Following its latest meeting, the Bank of England’s Monetary Policy Committee has voted, as expected, to reduce the base rate of interest down to a record low of 0.25%. Although surprisingly tepid US second-quarter GDP growth figures published last Friday have dented the dollar, the greenback has recovered slowly.

Economists polled by Reuters expect US employers to have added 180,000 jobs, compared with 287,000 in June.

The dollar index.DXY was steady at 95.775 after gaining 0.2 percent on Thursday.

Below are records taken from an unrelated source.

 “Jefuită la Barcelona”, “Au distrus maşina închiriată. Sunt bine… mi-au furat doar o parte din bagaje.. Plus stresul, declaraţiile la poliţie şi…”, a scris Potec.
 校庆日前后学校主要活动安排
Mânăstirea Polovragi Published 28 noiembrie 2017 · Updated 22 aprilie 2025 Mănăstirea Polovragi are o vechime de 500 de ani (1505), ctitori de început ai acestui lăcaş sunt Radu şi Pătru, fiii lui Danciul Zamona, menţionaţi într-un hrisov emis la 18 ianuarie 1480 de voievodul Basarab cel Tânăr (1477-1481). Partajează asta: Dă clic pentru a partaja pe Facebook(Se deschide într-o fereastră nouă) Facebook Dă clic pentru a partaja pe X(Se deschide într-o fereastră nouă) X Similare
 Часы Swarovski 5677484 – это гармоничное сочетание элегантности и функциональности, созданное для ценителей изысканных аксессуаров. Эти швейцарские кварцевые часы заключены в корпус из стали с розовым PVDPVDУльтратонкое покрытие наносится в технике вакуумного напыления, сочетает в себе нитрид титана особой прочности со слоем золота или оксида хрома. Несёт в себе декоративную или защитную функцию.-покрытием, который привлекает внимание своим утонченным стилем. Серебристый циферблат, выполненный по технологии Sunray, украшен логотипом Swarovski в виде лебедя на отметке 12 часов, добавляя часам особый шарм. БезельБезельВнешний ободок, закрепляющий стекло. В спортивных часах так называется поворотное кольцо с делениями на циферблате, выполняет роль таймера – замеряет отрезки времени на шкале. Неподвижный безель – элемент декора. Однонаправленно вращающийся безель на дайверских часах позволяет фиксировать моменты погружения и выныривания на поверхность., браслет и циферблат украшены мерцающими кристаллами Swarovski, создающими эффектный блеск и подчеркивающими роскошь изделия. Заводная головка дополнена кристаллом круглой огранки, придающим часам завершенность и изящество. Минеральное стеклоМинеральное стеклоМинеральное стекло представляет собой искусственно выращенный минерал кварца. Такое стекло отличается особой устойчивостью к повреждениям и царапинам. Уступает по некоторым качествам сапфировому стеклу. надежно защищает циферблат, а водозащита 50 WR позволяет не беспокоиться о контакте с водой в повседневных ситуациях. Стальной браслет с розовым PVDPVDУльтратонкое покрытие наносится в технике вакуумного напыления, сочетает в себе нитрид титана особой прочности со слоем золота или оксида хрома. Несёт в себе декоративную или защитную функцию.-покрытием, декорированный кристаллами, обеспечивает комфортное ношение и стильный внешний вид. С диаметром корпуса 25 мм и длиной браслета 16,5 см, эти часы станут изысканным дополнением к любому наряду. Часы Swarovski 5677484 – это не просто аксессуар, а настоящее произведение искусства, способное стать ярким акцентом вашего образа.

The British pound GBP=D4 crawled up 0.2 percent to $1.3130 GBP=D4 after retreating 1.7 percent overnight. “I expect a figure above 200,000. That should be positive for the dollar”, said Ayako Sera, market strategist at Sumitomo Mitsui Trust Bank.

Meanwhile, the average wage earnings seen as a significant factor in measuring the value of any inflationary pressure, are anticipated to rally by about 0.2 percent.

Sterling dropped 0.2 percent to $1.3326 as of 4:22 p.m.in London, having gained 0.1 percent earlier. Now that sterling has broken below trend line support in place during its recovery from a three-decade low of $1.2798 on July 6, the currency is at risk of testing that low again, some analysts said. MSCI’s world equity index climbed for the second consecutive day, while emerging equities rose 1%, in view of one-year highs.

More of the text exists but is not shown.